Shipping AI features to real users
Notes from a year of shipping AI into a platform 17,000 people actually use. The boring parts matter more than the model.
There's a quiet truth about shipping AI features that nobody tweets about: the model is the easy part.
When I started building the AI tools inside Tututor, I expected the hardest work to be prompt engineering. It wasn't. The hardest work was the surface area around the model — making sure teacher UX stayed responsive while the LLM was thinking, storing conversations structurally so they could be reviewed (not as opaque blobs), and designing the failure cases so a slow response didn't feel like a broken product.
A few things that turned out to matter more than picking the right model:
Streaming, always. The moment a user starts seeing tokens land, they forgive latency.
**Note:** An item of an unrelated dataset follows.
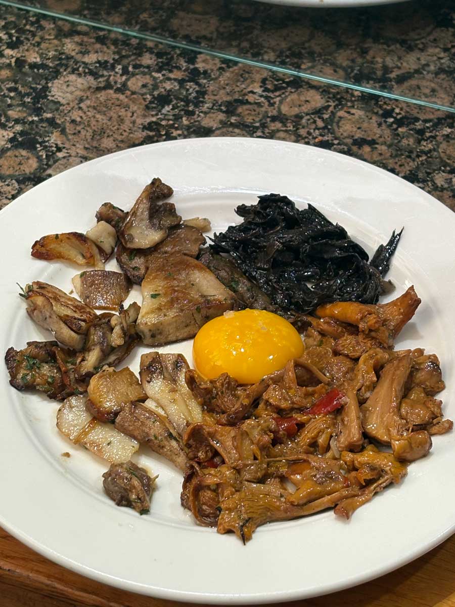 Jednom kad uđete u Ganbaru i probate nekoliko njihovih najpoznatijih jela, jasno je da vrijedi čekati. Brzinski ručak, na kojem smo bili sa nekoliko najpoznatijih hrvatskih chefova, počeli smo s Ganbarinim potpisnim jelom od gljiva, foie gras i žumanjka. Jelo je zaista slasno. Ganbara se posebno ponosi svojim gljivama, koje su izložene na šanku i izgledaju kao atraktivna dekoracija. Lisnato tijesto s rakovicom je bilo zamamno i ukusno, dok su kroketi s jamonom ipak bili razočaravajući, zbog previše bechamela.
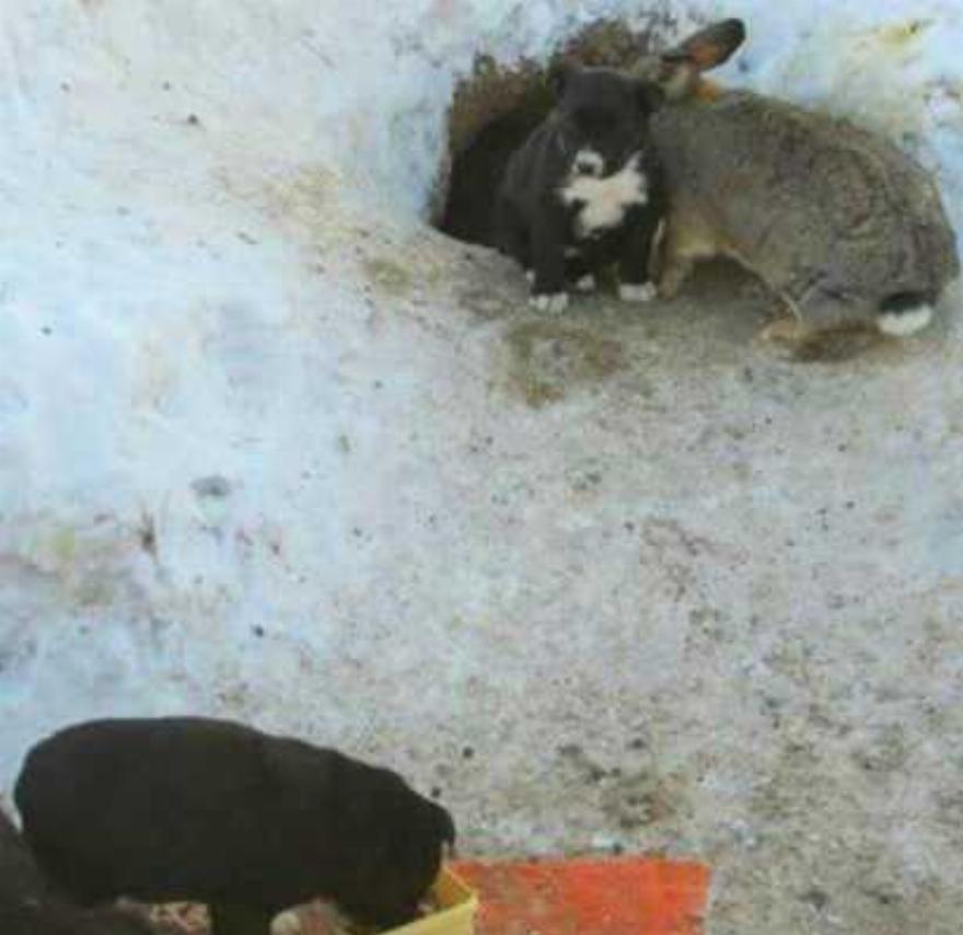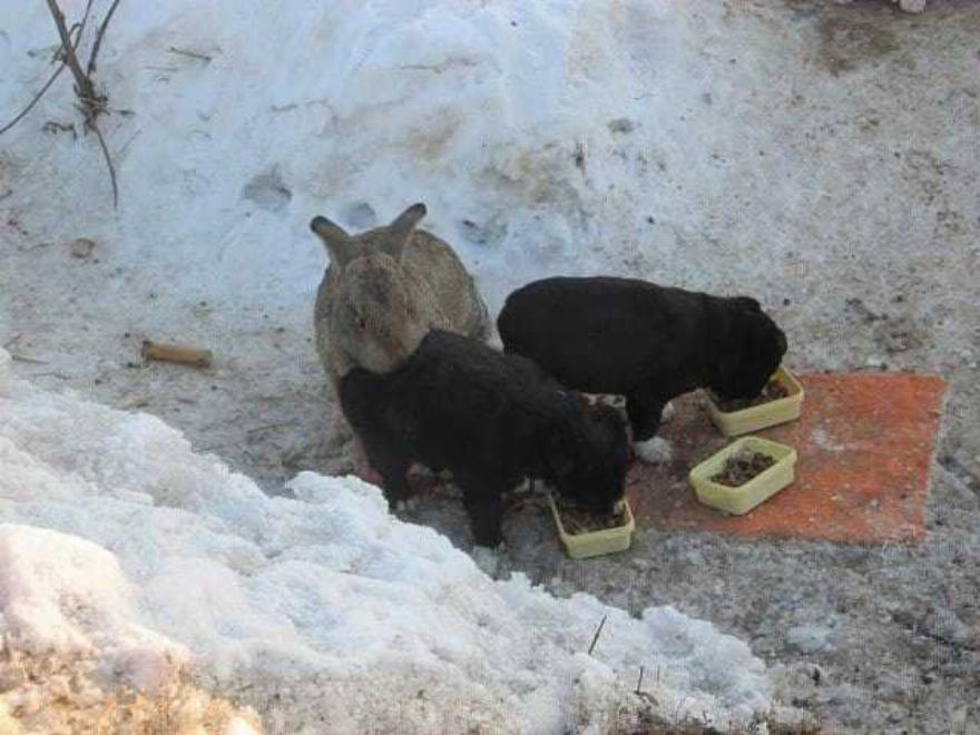 Το κουνέλι υιοθέτησε 3 αδέσποτα κουτάβια

The moment they see a spinner for three seconds, they assume the product is broken. Streaming isn't a perf trick — it's a UX primitive.
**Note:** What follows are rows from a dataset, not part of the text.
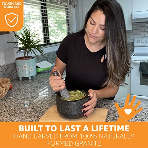 MAKE DELICIOUS GUACAMOLE, SALSA, PESTO and MORE! Home made, fresh delicious guacamole, pesto and more can be made on demand with this granite mortar and pestle set in the comfort of your home. Create healthy sauces with ease using your granite molcajete that the whole family can enjoy.
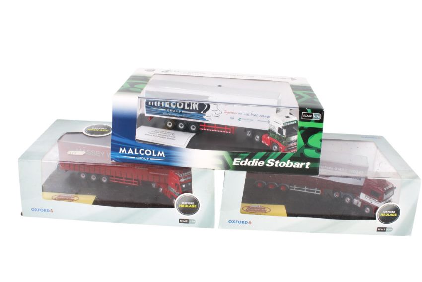 Five Oxford 1:76 scale diecast haulage vehicles. Comprising a Special Edition Eddie Stobart Ltd 'Cancer Research UK' Volvo FH Fridge Trailer, a Massey Wilcox VOL03CS No.1070/2000, two Downtown MAN03CS, No.1376/2000 and No.1067/2000 and a Kinlochbervie DAF02FR, No.0275/2000. All in the original boxes.
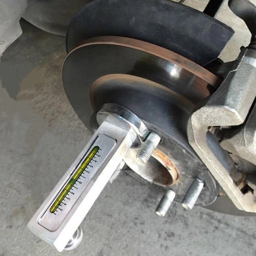 - Mierzy pochylenie i kąt nachylenia kół na piaście koła lub tarczy hamulcowej.
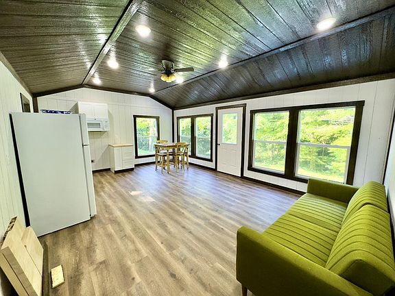 Nestled on just over 5 wooded acres and bordering Pike Lake State Park, this nearly new modular home boasting nearly 800 square feet offers comfort, privacy, and natural beauty. Home was set in the spring of 2024, this home has never been lived in and features a thoughtful open-concept floor plan with vaulted ceilings and large windows that bring in abundant natural light and scenic views. Inside, you'll find 2 bedrooms and 1 full bath, a durable metal roof, and an on-demand hot water heater for efficient living. Outside, a poured concrete front patio offers the perfect place to relax, while a small stream and bountiful wildlife add to the peaceful surroundings. Whether you're looking for a charming starter home, a weekend retreat, or a turnkey vacation rental, this property offers endless potential in a serene, wooded setting.
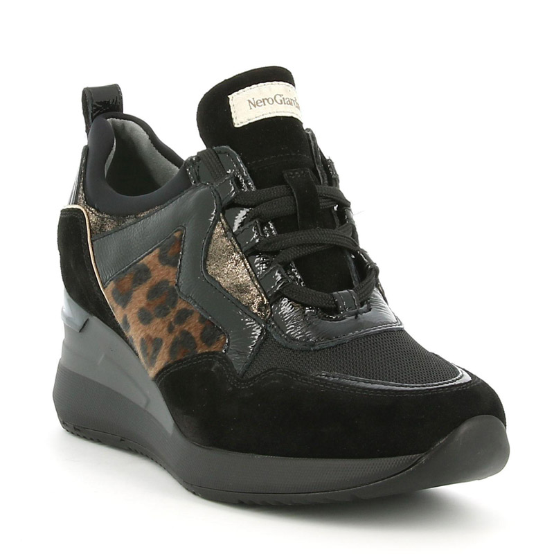 Sneaker Donna nera in camoscio, con inserti in pelle e tessuto tecnico con stampa animalier. Scarpa in stile sporty-chic, ideale per essere indossata tutto il giorno. Made in Italy.
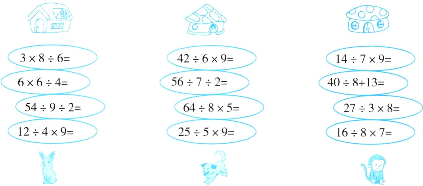 2. 5×9+3 4×7-2 5×6+19 56÷8×4 3×6+15
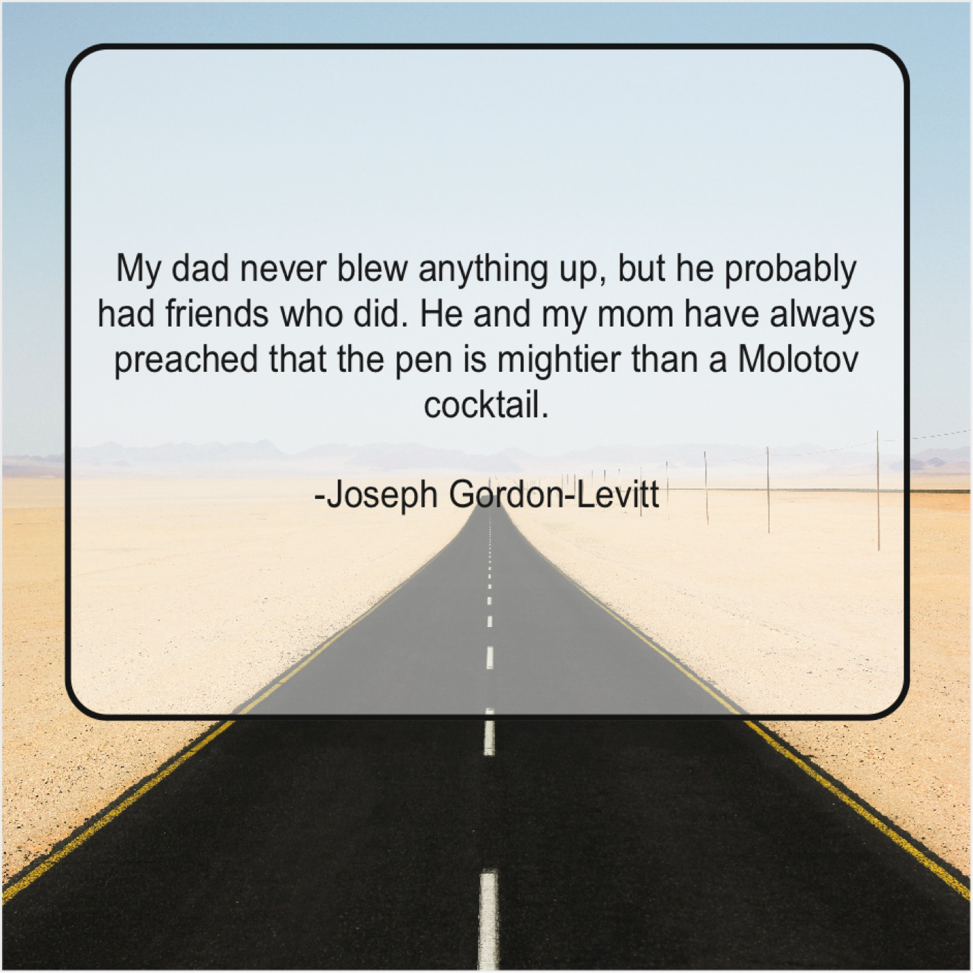 “My dad never blew anything up, but he probably had friends who did. He and my mom have always preached that the pen is mightier than a Molotov cocktail.”

Store the conversation, not the answer. Teachers in Tututor review every student-bot conversation to figure out where students are stuck. That's only possible because every turn is a row, not a JSON blob. Same lesson keeps coming back: data shape determines what features you can build six months from now.
Microservice the AI calls. Not because microservices are cool. Because when OpenAI is having a bad day, you don't want your main API to also be having a bad day.
Failure is a product surface. When the model can't answer, what does the UI say? Most teams I've seen default to a generic error. That's the moment to do something specific — fall back to a previous answer, suggest a related action, anything other than "Something went wrong."
The model gets the headlines. The plumbing gets the users.